From a69054cb2b787dfef55340409e0211c44f7f523c Mon Sep 17 00:00:00 2001
From: Dhanji Prasanna <dhanji@squareup.com>
Date: Mon, 8 Sep 2025 14:04:07 +1000
Subject: [PATCH] Time to First Token

---
 crates/g3-core/src/lib.rs | 55 +++++++++++++++++++++------------------
 1 file changed, 29 insertions(+), 26 deletions(-)
diff --git a/crates/g3-core/src/lib.rs b/crates/g3-core/src/lib.rs
index 647cea3..1a77556 100644
--- a/crates/g3-core/src/lib.rs
+++ b/crates/g3-core/src/lib.rs
@@ -234,7 +234,11 @@ impl Agent {
             tools, and can interact with multiple at once.
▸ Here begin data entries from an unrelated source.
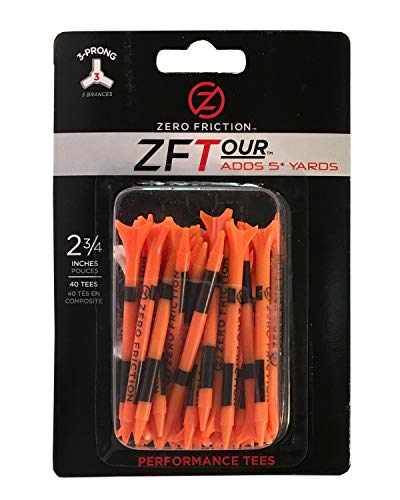 Zero Friction Tour 3-Prong Golf Tees 40 Pack, 2-3/4 Inch Size, Orange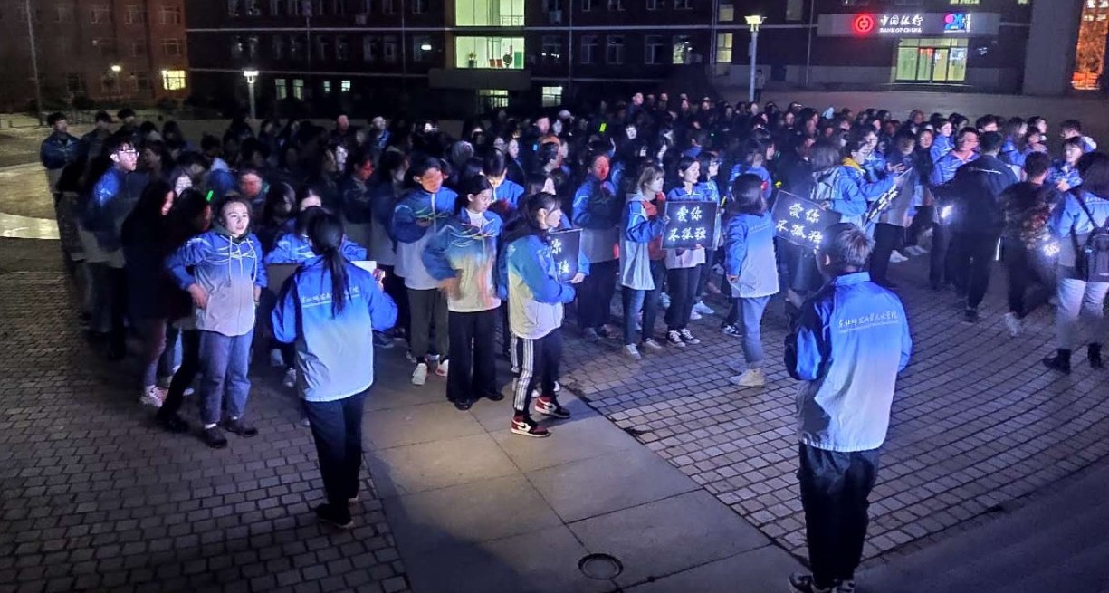 當(dāng)夜幕降臨,同學(xué)們齊聚廣場,手持熒光棒,舉行星空夜跑活動(dòng),整個(gè)校園在燈光的映襯下閃閃發(fā)光,同學(xué)們的愛心在為自己發(fā)聲,也在為每個(gè)自閉癥的兒童發(fā)光發(fā)熱!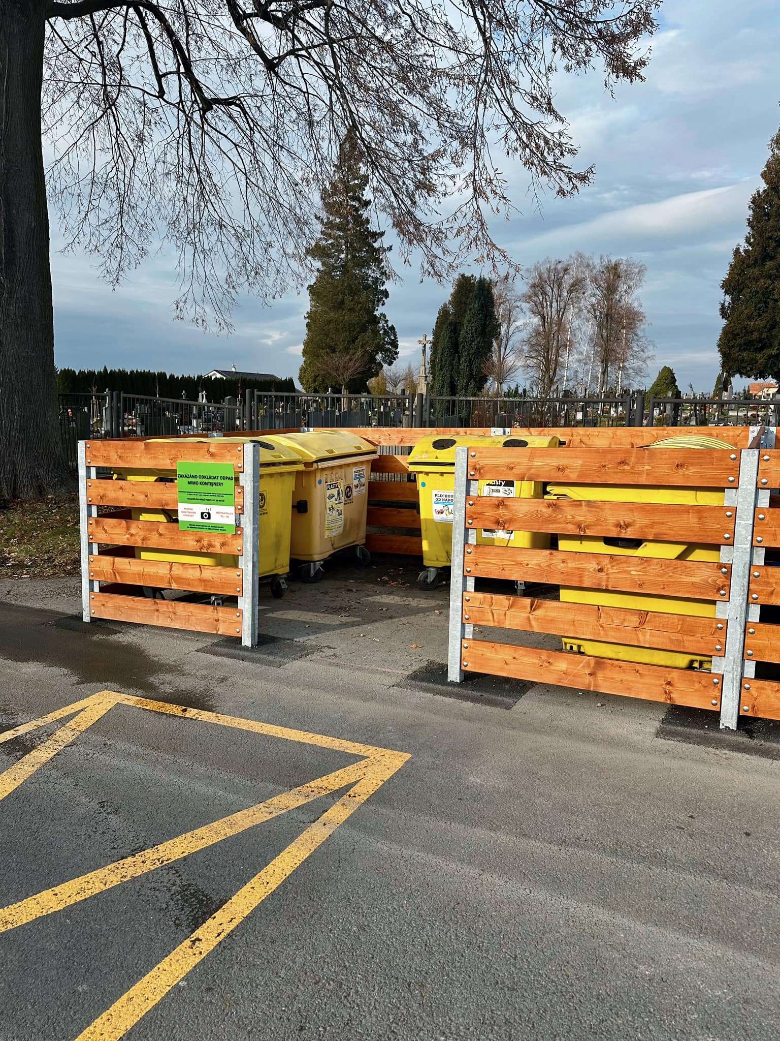 Během října a listopadu jsme zkulturnili dvě stanoviště kontejnerových stání – u katolického hřbitova a kulturního domu. Díky novým ohradám už kontejnery nepůsobí tolik rušivě a nepořádek se nerozfoukává do okolí.

When you want to perform an action, use 'I' as the pronoun.
 
 # Available Tools
-- shell:
+
+- name: shell
+  type: function
+  usage: shell [command]
+  description: \"
     Execute a command in the shell.
 
     This will return the output and error concatenated into a single string, as
@@ -249,23 +253,14 @@ impl Agent {
 
     Multiple commands: Use ; or && to chain commands, avoid newlines
     Pathnames: Use absolute paths and avoid cd unless explicitly requested
+    \"
 
-    Usage:
-    - Call the `shell` tool with the desired bash/shell commands.
-
-- search:
-    Search the web for information about any topic.
-
-- final_output:
+- name: final_output
+  type: function
+  usage: final_output [summary]
+  description: \"
     This tool signals the final output for a user in a conversation and MUST be used for the final message to the user. You must
-    pass in a detailed summary of the work done to this tool call.
-
-    Purpose:
-    - Collects the final output for a user
-    - Provides clear validation feedback when output isn't valid
-
-    Usage:
-    - Call the `final_output` tool with a summary of the work performed.
+    pass in a detailed summary of the work done so far.\"
 
 # Response Guidelines
 - Use Markdown formatting for all responses.
@@ -278,12 +273,10 @@ impl Agent {
 
 IMPORTANT INSTRUCTIONS:
 
-Please keep going until the user's query is completely resolved, before ending your turn and yielding back to the user.
-Only terminate your turn when you are sure that the problem is solved.
-
-If you are not sure about file content or codebase structure, or other information pertaining to the user's request,
-use your tools to read files and gather the relevant information: do NOT guess or make up an answer. It is important
-you use tools that can assist with providing the right context.
+Break down your task into smaller steps and do one step and tool call at a time.
+Do not try to use multiple tools at once.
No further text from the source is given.